Brassica juncea (Indian mustard) and its sub-varieties include whole range of oilseed and vegetable mustard in China, Canada, Australia, Europe and other regions of the world. Application of genomics in varietal improvement of this crop has been limited in the past. Recently, published genome sequence has generated enormous amount of sequence information and set the stage for high-throughput functional genomics in this crop. However, high efficiency transformation has always been elusive and a major constraint in genetic improvement of this crop. Here, we report a method for high frequency in planta transformation of Indian mustard based on floral spray of Agrobacterium suspension. Successful genetic transformation was confirmed by polymerase chain reaction, reverse transcription quantitative PCR and assay for the reporter gene expression. The transformation efficiency was scored by PCR based analysis of transgene integration and expression in T1 plants. Transformation efficiency varied depending on the genotype, light conditions during co-cultivation and age of the experimental plant material.
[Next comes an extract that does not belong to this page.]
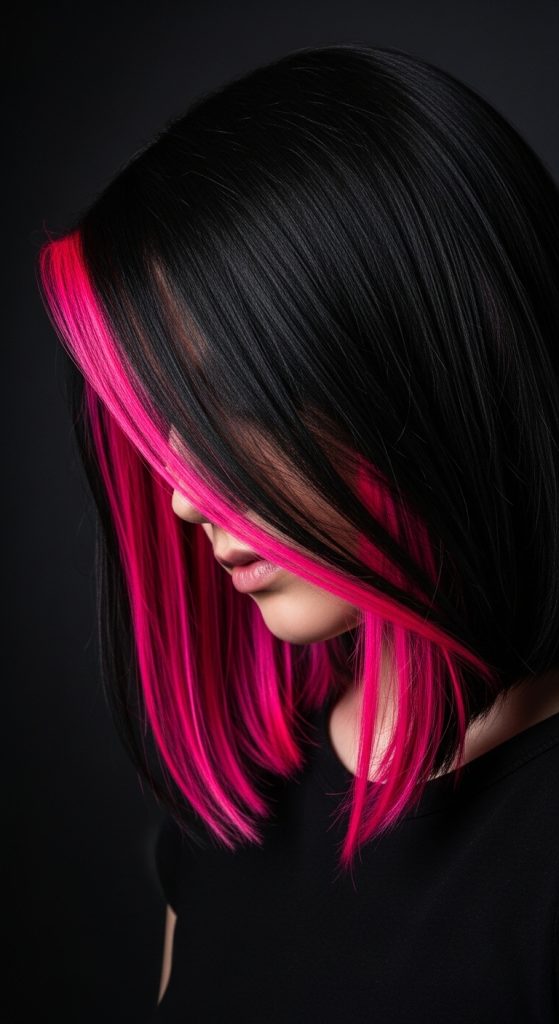 Neon pink peekaboo hair is vibrant and eye-catching. This look is best for creative personalities who love bold contrast and dramatic reveals.

This method being simple and highly reproducible will be immensely beneficial for functional genomics and transgenic development programme in B. juncea. Efficiency of genetic transformation is elusive and a major constraint in Brassica juncea in spite of it being known as amenable species. It has been a major constraint for rapid functional genomics of genome sequence that has been recently published. An in-planta method has been developed which led to 30% transformation efficiency. It involved a typical mechanical maneuvering on the unopened buds before spraying of Agrobacterium suspensions.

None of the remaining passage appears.